Pour mon compte on voulait que je reste pour l’enterrement de mon homme, il était hors de question que je n’aille pas réclamer l’élargissement de celui que vénérait mon défunt. Je serais revenue pour le mettre en terre .
L’ambiance était celle d’une foire aux bestiaux, on discutait , on s’invectivait, tous venaien me soutenir, hommes, femmes jamais je n’aurais cru avoir autant d’amis.
On chantait pour nous donner du courage, après tout la troupe avait tiré sur nous une première fois, pourquoi en serait-il autrement à Sait Jean d’Angély. Latièrce suivait tant bien que mal, je voulais m’en approcher pour le déchiqueter, l’étriper, l’éviscérer, l’émasculer, je voulais venger la mort de mon Michel. Mais arrivée près de lui, j’ai eu comme de la peine, son état faisait pitié. Il n’était pas tout jeune certes mais il présentait le masque de la mort, alors à quoi bon.
Si moi je contenais ma haine d’autres laissaient libre cours à leurs bas instincts.
La nature humaine se dévoile de maintes façons lorsque chacun se croit couvert et cacher parmi la multitude.
Nous n’en menions pas large pour autant, les meneurs tenaient bien le maire et n’auraient lâché leur proie pour rien au monde, mais la multitude était quand à elle plus flottante.
Plusieurs alarmes déclenchèrent des débuts de panique, nous avions entraîné les officiers municipaux et les curés des paroisses.

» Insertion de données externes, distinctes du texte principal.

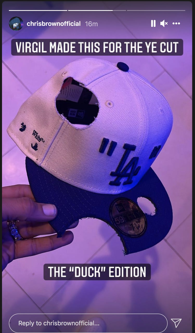 In a follow-up post, Breezy shared a photo of a damaged Los Angeles Dodgers hat, teasing that it was a creation specifically made for Kanye by his longtime friend Virgil Abloh.

Le notre n’avançait guère mais peut être que leur présence tempérerait les plus fanatiques.
Nous arrivâmes enfin, du chemin je n’avais pas quitté le jeune Louis Morin, un jeune journalier qui parfois me faisait du gringue et Pierre Bercicaud le voiturier.
Pas de chasseurs bretons, pas de gardes nationaux, la municipalité avait bien fait les choses pour emmerder les décideurs du district. Cette opposition larvée fit le jeu des 1500 que nous étions en vérité.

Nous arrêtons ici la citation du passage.